Todos os frequentadores estão preparados para resolver ou rir dos problemas do mundo e voltar para casa com outros tantos insolúveis

Por Heraldo Palmeira
Atualizado em 30 jul 2020, 20h32 - Publicado em 4 mar 2018, 15h31

Heraldo Palmeira

Há quase 25 anos era somente um sebo de CDs – compra, venda e troca. O dono ficava sentado na calçada do outro lado da rua, num boteco, tomando sua cervejinha. Quando entrava algum cliente, ele dava um subtotal, atravessava e atendia o amante da música. Claro, torcendo para aquilo demorar pouco, pois as louras geladas são temperamentais, esquentam logo. Ainda mais naquele ambiente tropical.

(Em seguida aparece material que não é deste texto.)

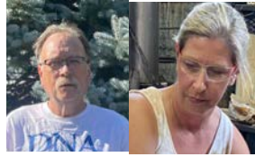
新董事會成員 簡介 | 第 3-4 頁
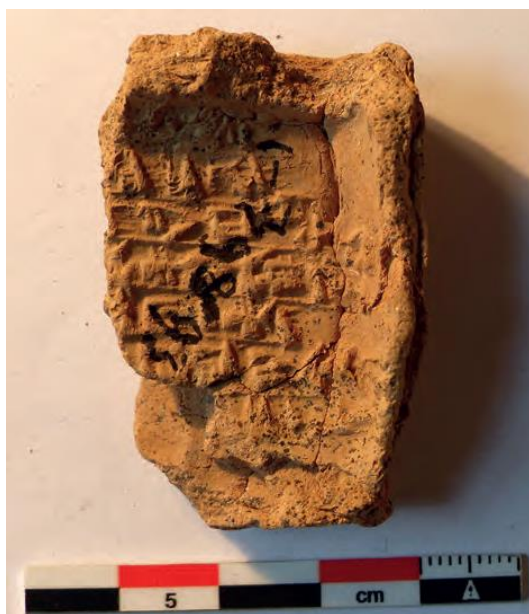
Figure 8 – Fragment d’enveloppe paléo-assyrienne. Les signes de la tablette ont été imprimés en relief sur la face interne de l’enveloppe lors du séchage de cette dernière et de la rétractation de l’argile. Kültepe, Kt 93/k 870, Musée des Civilisations Anatoliennes, Ankara.

Lorsque la lettre comportait deux « pages », comme cela était parfois le cas chez les marchands assyriens du 19 e siècle, la tablette et son supplément étaient enfermés ensemble dans une enveloppe. Cette enveloppe permettait d’une part de garder le caractère confidentiel du contenu de la lettre, comme le rappelle la légende d’Ur-Zababa, et d’autre part elle protégeait la tablette lors de son transport (figure 9).
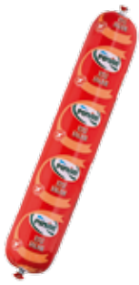
Salam Eti 1.250 gr.
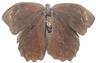
69 Pronophila sp. VD Papilionoidea - Nymphalidae
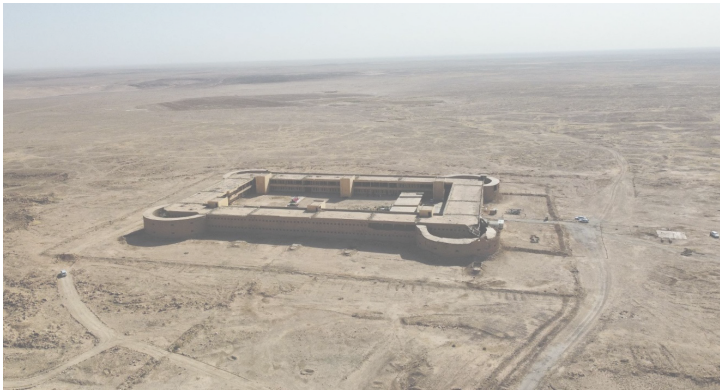
بەنديخانەى نوئى قەلاى نوگرە سەلمان

لە سالى ۱۹۷۵ تاكو ۱۰ كانوونى دووهم ۱۹۸۳ قەلاى نوئى نوگرەسەلمان لە دوو نھۆم و چوار بورجى چاودىرى دروست كرا، ديزاينى قەلاكە نەك بۆ بەنديخانە بەلكو بۆ پۇلىسى بيابان و سەرسنور دروستكرا بوو و دواتر بوو بە بەنديخانەيەك كە دەرباز بوون لىي زياتر لە خەون دەچوو. بروانە وينەى خوارەوہ.
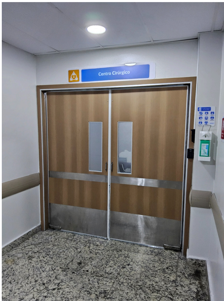
ATIVIDADES / SERVIÇOS HOSPITALARES (itens apenas informativos) - Centro cirúrgico
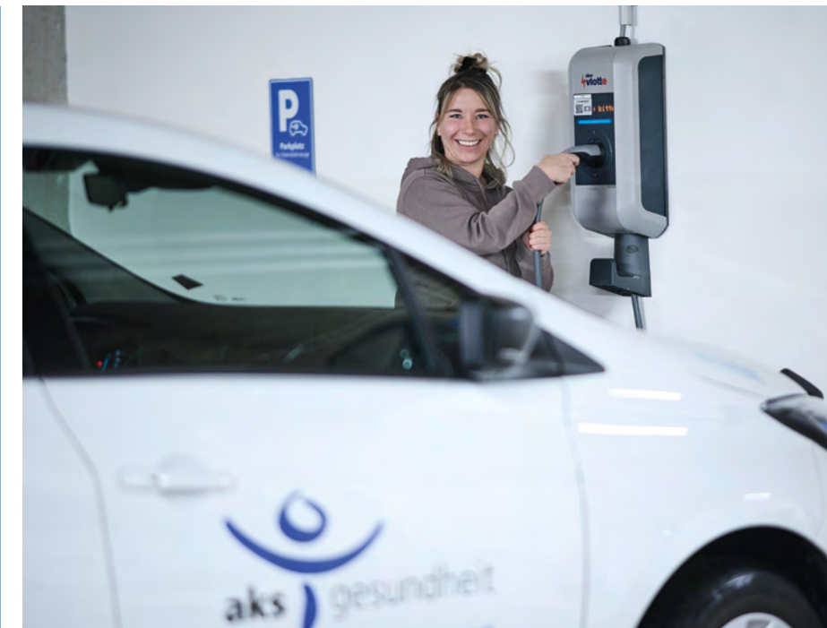
Die E-Autos der aks Gesundheit nutzen die Ladelösungen von vkw vlotte.
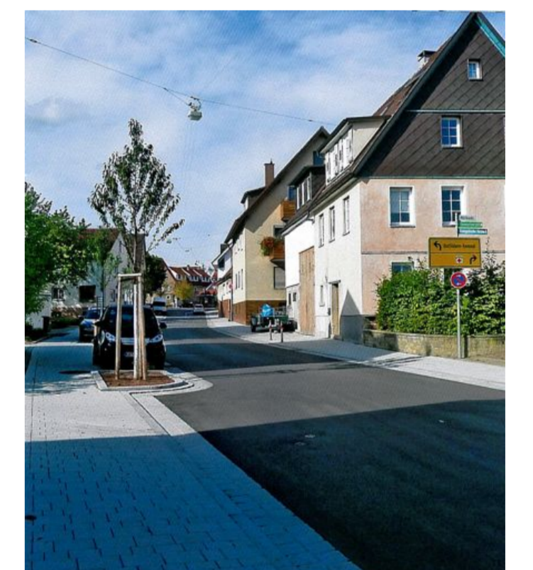
Verkehrsberuhigung durch Baumstandorte im Straßenraum
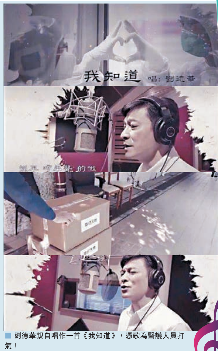
劉德華親自唱作一首《我知道》,憑歌為醫護人員打氣!
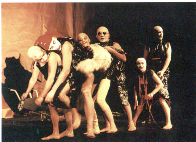
„Déballage” J. Szajny w Teatrze im. W. Siemaszkowej
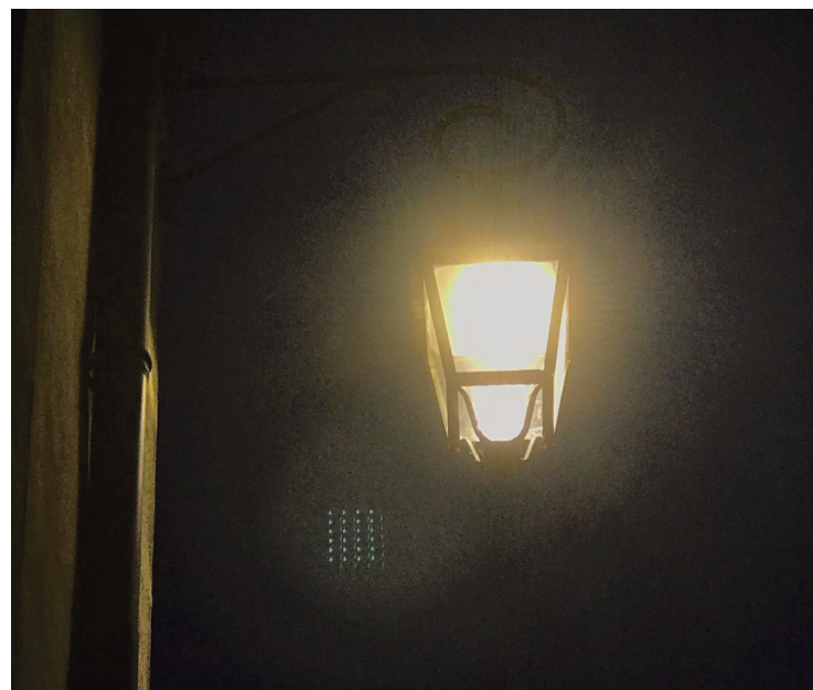
Désormais, l'éclairage public s'éteint à 23 heures et se rallume à 6 heures.

L'ensemble des élus s'est d'abord prononcé, à l'unanimité, pour une extinction de l'éclairage public de 23 heures à 6 heures du matin
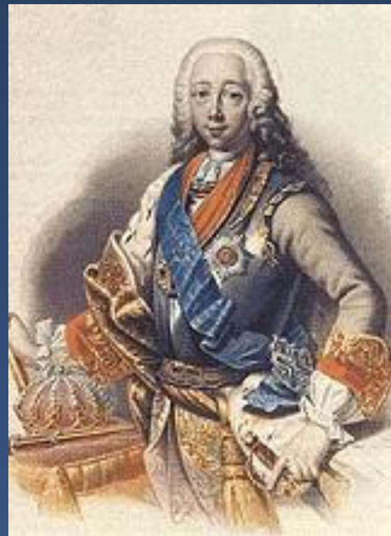
Пётр III Фёдорович , супруг Екатерины

Если бы он хотел быть любимым, это было бы для меня нетрудно: я от природы была склонна и привычна исполнять свои обязанности, но для этого мне нужно было бы иметь мужа со здоровым смыслом, а у моего этого не было.
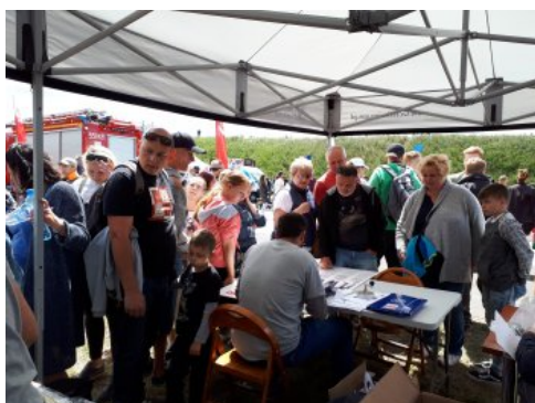
Bialo-czerwony szlak #mojaniepodległa w Świdwinie
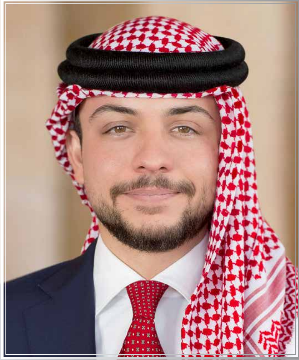
حضرة صاحب السمو الملكي الحسين ابن عبدالله الثاني ولي العهد
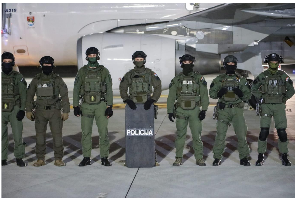
Slika 6. Vježba ATJ Lučko na zračnoj luci u Dubrovniku

Antiteroristička jedinica Lučko, čiji su pripadnici prikazani na slici 6, se prema Zakonu o specijalnoj policiji definira kako slijedi: „ Antiteroristička jedinica Lučko djeluje na cijelom području Republike Hrvatske, a nadležna je za: suzbijanje terorizma, rješavanje najsloženijih otmica i talačkih situacija, otmice zrakoplova i drugih prijevoznih sredstava, posebna osiguranja visokih državnih dužnosnika, suzbijanje najtežih oblika kriminaliteta, uhićenje počinitelja najtežih kaznenih djela, zaštitu određenih osoba, helikopterske operacije, zadaće potraga i spašavanja, snajperske operacije, pronalaženje, deaktiviranje i uništavanje formacijskih i improviziranih eksplozivnih naprava na zemlji i pod vodom, ronilačke intervencije te obavlja i druge poslove sukladno Zakonu o policiji. “ 71
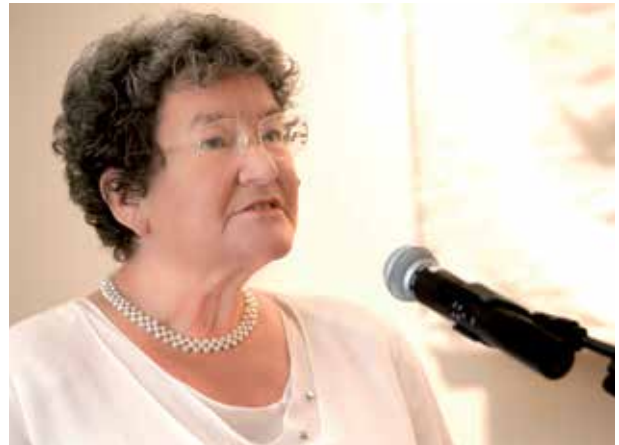
Prof. Dr.-Ing. habil. Dagmar Schipanski, die Schirmherrin der Homöopathie-Stiftung
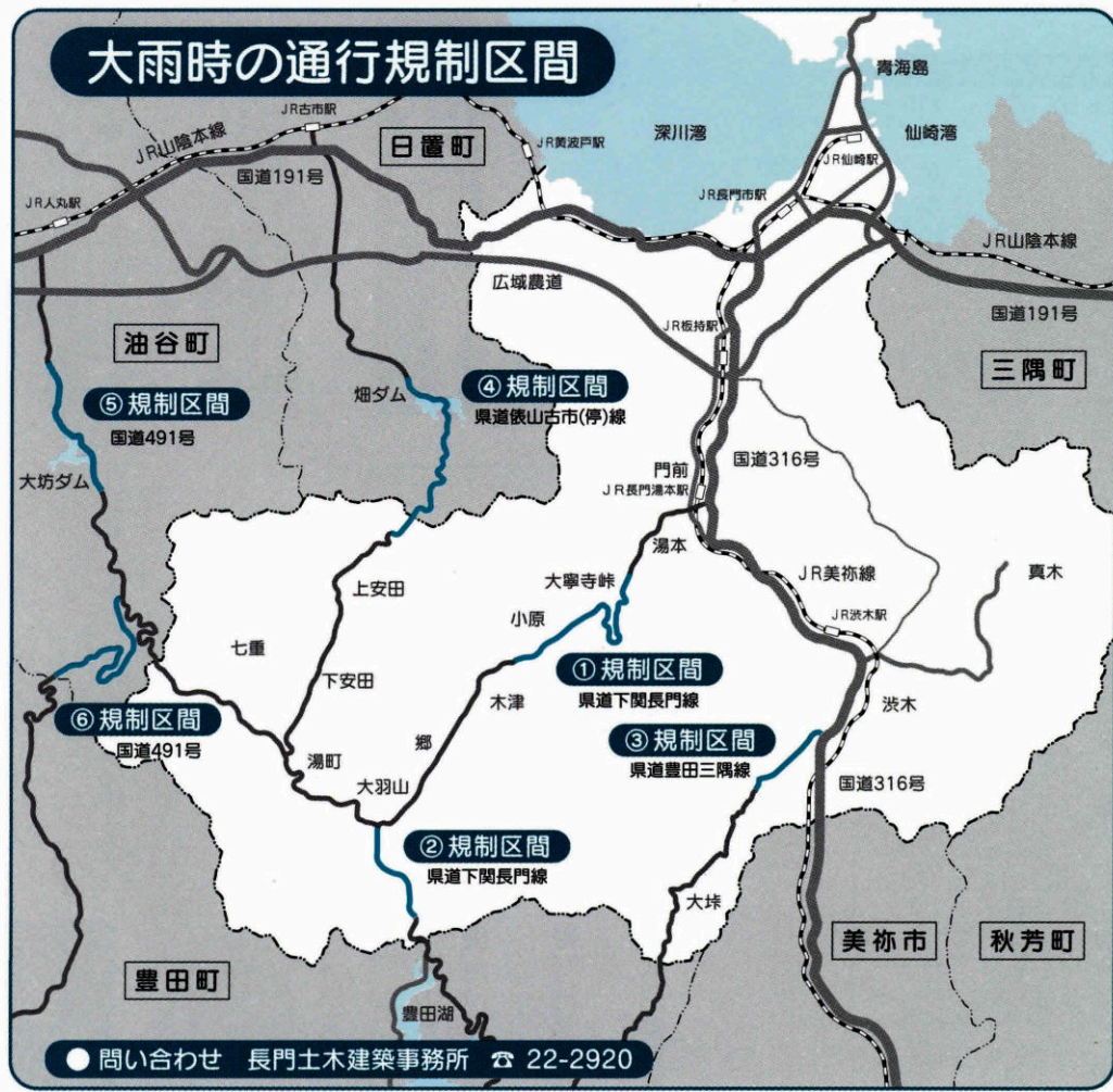
■ 大雨時の通行規制区間と規制基準雨量 (単位: mm)

梅雨シーズンになりました。山口県が管理する県道下関長門線など4路線6区間では、大雨が降った時に落石や土砂崩れにより危険となるため、降雨量が規制基準以上になった場合には、災害による事故を未然に防止することを目的として通行止めを行う区間が指定されています。皆さまのご協力をお願いします。大雨が降りそうな時は、道路情報などに注意して道路をご利用ください。
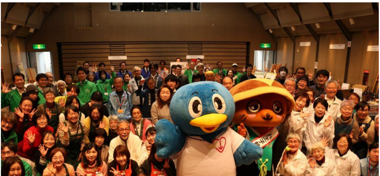
3年ぶりの対面での開催ということで、迎えるキャストの皆さん撮影の瞬間はマスクはずして晴れやかな様子です
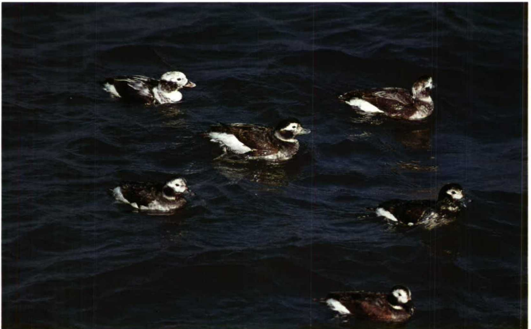
116 IJseenden Clangula hyemalis , IJmuiden, Noordholland, april 1991 (Piet Munsterman)

KRAANVOGELS TOT ZEEKOETEN Massale doortrek van Kraanvogels Grus grus vond plaats tussen 2 en 17 maart

Dois anos depois de abertas as portas, já no endereço atual, um amigo trouxe umas latinhas de cerveja. Estava aflito com um problema pessoal e queria conversar com o dono do sebo. Daí surgiu a “determinação etílica” de colocar uma geladeira dentro da loja.

Uma gigante multinacional quis tocar um solo e ofereceu um cooler para refrigerantes, que o operoso comerciante tratou de, retiradas as serpentinas, transformar em geladeira para as latinhas da mesma marca de cerveja que vende até hoje. Naquele tempo, fazia a festa dos abnegados da música, pois não cobrava por elas – quem comprasse CDs, bebia de graça.

A multinacional – que também era dona da marca de cerveja escolhida – não gostou da traquinagem e recolheu o cooler. O homem comprou sua primeira geladeira. Os amigos foram trazendo panelas, talheres, pratos, fogão e montaram um novo acervo, culinário, que virou uma minicozinha industrial pronta para os melhores sabores dos iniciados na arte de cozinhar.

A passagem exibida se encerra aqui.